Hepatocellular carcinoma (HCC) is a worldwide malignancy with a high mobility and mortality, especially in China. The long-term survival rate for HCC remains poor despite advanced therapeutic modalities and strategies such as surgery, chemotherapy and radiotherapy. Therefore, better understanding of the pathogenesis of HCC and exploring novel therapeutic approaches against drug targets are urgently needed.

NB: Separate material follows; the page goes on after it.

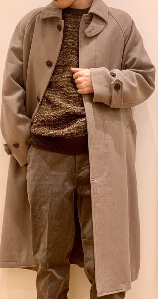 ニットは温かみがある色合いです。コートはシンプルなデザインでシンプルなコーディネート、カジュアルなコーディネートどちらにも合わせやすいです。

Emerging evidence has indicated that a number of histone methylation modifiers are dysregulated in tumors and are critical for oncogenic phenotypes [35–38]. Jumonji C (JmjC) domain containing protein has been identified to possess histone demethylase activity and play important roles in cancer ignition and progression. KDM5B, a member of the KDM5 family of proteins, has recently been shown to possess H3-K4 demethylase activity and exhibit oncogenic activities in several human cancers. However, whether and how KDM5B is involved in HCC progression is still unknown. Here, we provided evidence that KDM5B was frequently up-regulated in HCC tissues and that its expression in HCC cells is required to repress the transcription of multiple CDKIs and to maintain sustained proliferation of cancer cells. These immortal malignant cells undergo cell cycle arrest and lose clonogenic potentials when KDM5B is knocked down. Therefore, we speculated that the aberrant expression of KDM5B might be an important epigenetic factor involved in the pathogenesis of HCC.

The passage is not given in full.